# What the exercise asks
What is needed is an exact reproduction of the lines in the records below, starting at the line with "直播吧10月20日讯 F1美" and ending at the line with "Chiều 13/8/2018, tại", both included, and nothing else; pictures stay out.

# Supplied entries
--- START ---

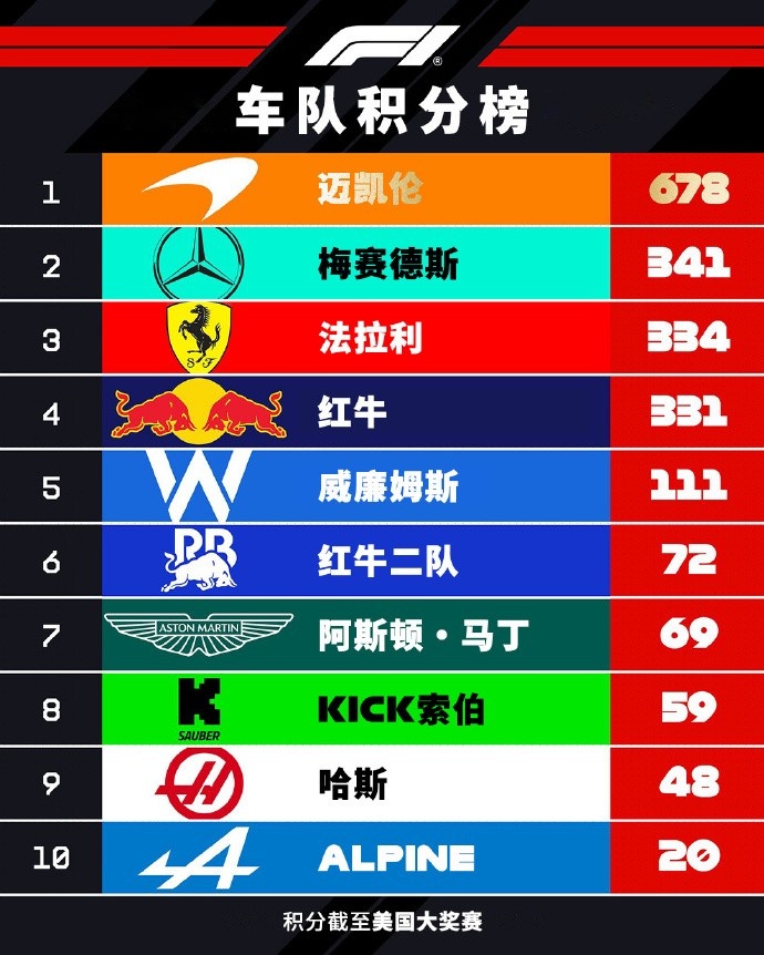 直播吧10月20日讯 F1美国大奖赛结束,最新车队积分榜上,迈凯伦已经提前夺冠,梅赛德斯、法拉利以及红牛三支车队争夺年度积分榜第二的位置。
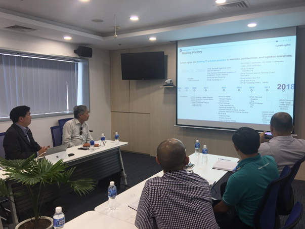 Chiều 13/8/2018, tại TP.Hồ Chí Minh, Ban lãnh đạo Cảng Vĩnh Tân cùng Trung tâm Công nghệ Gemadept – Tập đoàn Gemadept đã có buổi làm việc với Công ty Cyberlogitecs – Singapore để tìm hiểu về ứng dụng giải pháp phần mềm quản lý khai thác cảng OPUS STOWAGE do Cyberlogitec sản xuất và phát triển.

--- END ---
--- START ---

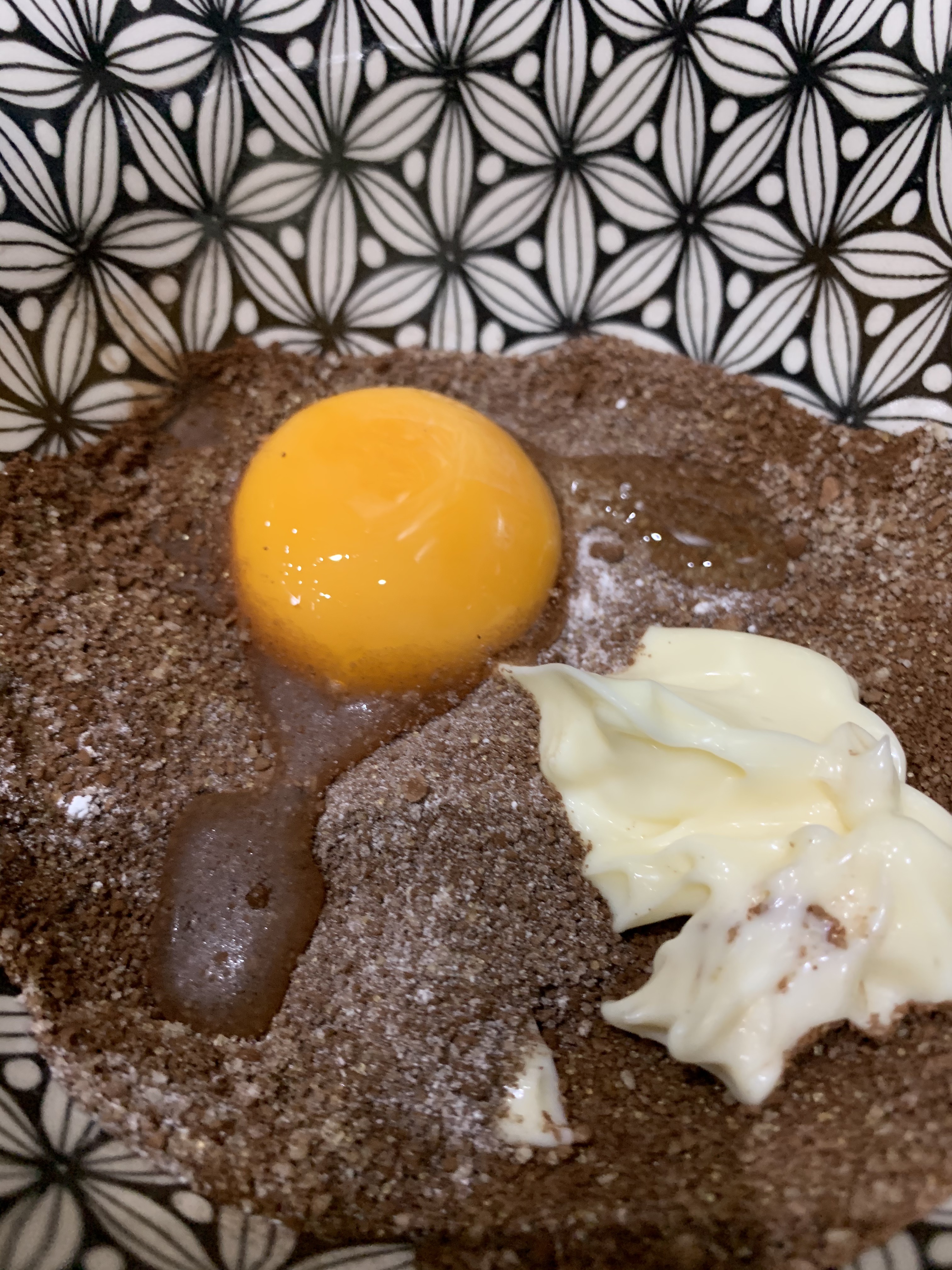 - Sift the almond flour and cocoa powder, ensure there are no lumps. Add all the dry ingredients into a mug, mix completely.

--- END ---
--- START ---

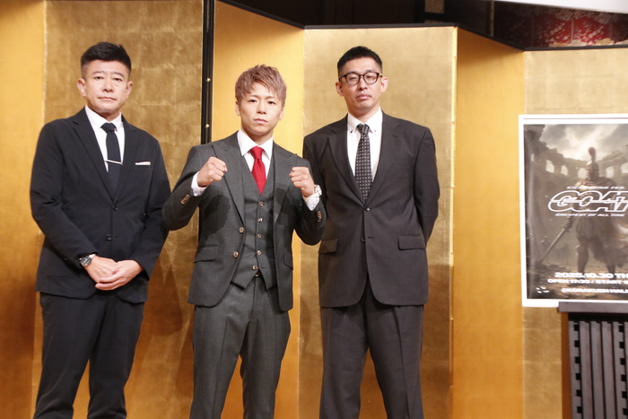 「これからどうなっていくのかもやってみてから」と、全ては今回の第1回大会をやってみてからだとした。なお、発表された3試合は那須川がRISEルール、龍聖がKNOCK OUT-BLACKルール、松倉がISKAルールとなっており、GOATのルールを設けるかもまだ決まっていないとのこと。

--- END ---

# Response to this exercise
 直播吧10月20日讯 F1美国大奖赛结束,最新车队积分榜上,迈凯伦已经提前夺冠,梅赛德斯、法拉利以及红牛三支车队争夺年度积分榜第二的位置。
 Chiều 13/8/2018, tại TP.Hồ Chí Minh, Ban lãnh đạo Cảng Vĩnh Tân cùng Trung tâm Công nghệ Gemadept – Tập đoàn Gemadept đã có buổi làm việc với Công ty Cyberlogitecs – Singapore để tìm hiểu về ứng dụng giải pháp phần mềm quản lý khai thác cảng OPUS STOWAGE do Cyberlogitec sản xuất và phát triển.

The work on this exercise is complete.